Preparing the first electron density map

Preparing the first electron density map is an exciting and expectant time. You are either rewarded with the immense joy of actually seeing clear electron density delineating the path of the main chain and positions of many side chains, or you suffer the crushing disappointment of meaningless hash. Preparing the first map and doing the subsequent refinements uses the CCP4 program Refmac for refinement and the molecular display program Coot.

Using the CCP4i environment

Note: If using the CCP4 suite in Windows (or Linux for that matter) place project files in a directory path without spaces in the filenames. Long filenames, or filenames with spaces in them can cause unpredictable issues with CCP4. It is recommended you place your Windows-based CCP4 projects files in a folder rooted in one of the system drives, and with no spaces in the file path, e.g.
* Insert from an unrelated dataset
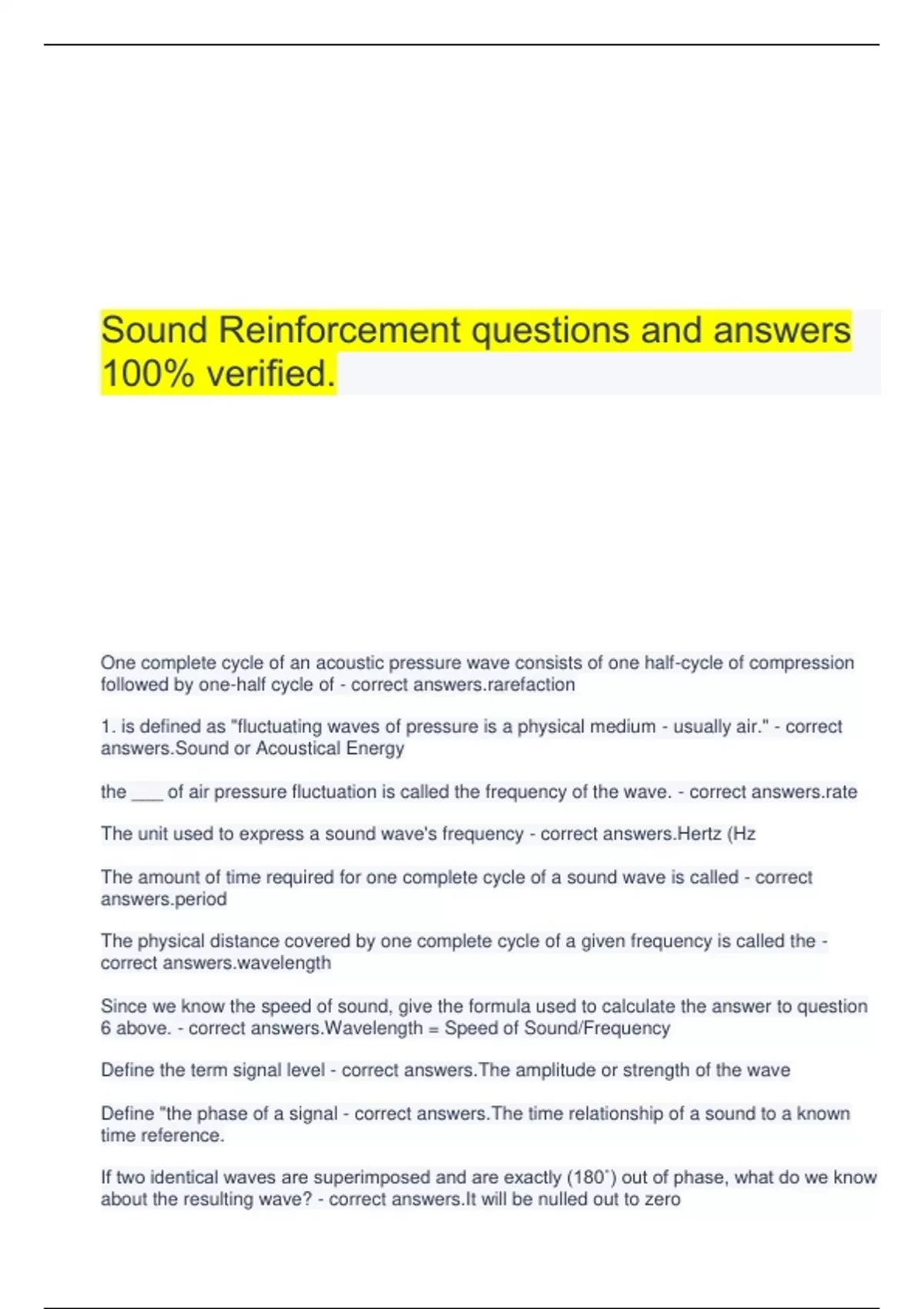 Sound Reinforcement questions and answers 100% verified. One complete cycle of an acoustic pressure wave consists of one half-cycle of compression followed by one-half cycle of - correct action 1. is defined as "fluctuating waves of pressure is a physical medium - usually air." - correct answers.Sound or Acoustical Energy the ___ of air pressure fluctuation is called the frequency of the wave. - correct The unit used to express a sound wave's frequency - correct answers.Hertz (Hz The amount of time required for one complete cycle of a sound wave is called - correct d The physical distance covered by one complete cycle of a given frequency is called the - correct ength Since we know the speed of sound, give the formula used to calculate the answer to question 6 above. - correct answers.Wavelength = Speed of Sound/Frequency Define the term signal level - correct answers.The amplitude or strength of the wave Define "the phase of a signal - correct answers.The time relationship of a sound to a known time reference. If two identical waves are superimposed and are exactly (180˚) out of phase, what do we know about the resulting wave? - correct answers.It will be nulled out to zero With regards to audio systems, what is the purpose of an input transducer? - correct answers.To convert acoustical energy into electrical energy Give three examples of an input transducer - correct answers.Mics, Contact Pickups, Magnetic Pickups, Tape Heads, Phono Cartridge, Laser Pickup, Optical Pickup The purpose of an RIAA pre-amplifier is? - correct answers.Provide the necessary EQ correction so a turntable can be run into a mixer Which would typically require a larger mixing console, a sound reinforcement situation or a sound reproduction situation? - correct answers.Sound Reinforcement Give three examples of an output transducers used in audio systems - correct answers.Woofers, Midrange Speakers, Tweeters, Full-range Speakers, Subwoofers, Supertweeters, Monitor Speakers, Headphones. I am running 0.2 Amps (200 mA) through an 8 Ohm speaker. What is my voltage through the speaker? - correct answers.E = R • I so 1.6 Volts Using the same information from question 16, what is my power at the speaker? (I am running 0.2 Amps (200 mA) through an 8 Ohm speaker. What is my voltage through the speaker? ) - correct answers.P = I • E so 0.32 Watts (320 mW) Resistance is measured in ohms. What is the symbol used for ohms - correct answers.Ω Define the term "Frequency Response" - correct answers.The relationship between a device's input and output with regard to signal frequency and amplitude. The frequency ratio between any two musical tones one octave apart is - correct answers.2:1 Define the term "presence peak." - correct answers.A broad peak (3 to 6 dB) in a microphone's frequency response centered in the region of 2 kHz and 5 kHz. It has the effect of adding crispness and intelligibility to words. What would be the typical useful frequency range of a subwoofer? - correct answers.< 300Hz (typically <100 Hz) down to about 30Hz When it comes to speech, would it be acceptable to amplify it though a sound system with a frequency response of 300Hz to 1 kHz? Why or why not? - correct answers.Most of the consonants are above 1kHz so the voice through this sound system would be hard to understand. The highest fundamental frequency (pitch) produced by acoustic instruments (including the piano) - correct ximately 4 kHz The musical term "timbre" is how we describe the number and amplitude of a note's - correct nics, partials, overtones. What sort of connector is found on an industry standard mic cable? - correct answers.3 pin XLR

D:\CCP4-projects.

Performing a REFMAC-based refinement

Refmac is a powerful and simple-to-use refinement package. It will perform coordinate and b-factor refinement of the model against the structure factor data, and automatically write out phase and intensity information that can be used to construct electron density maps in Coot. Refmac refinement is easily configured in CCP4i:

  • In the CCP4i main task window select Refinement from the task menu and click on Run Refmac5. A task window will open (Figure 1).

Figure 1. Task window for running Refmac.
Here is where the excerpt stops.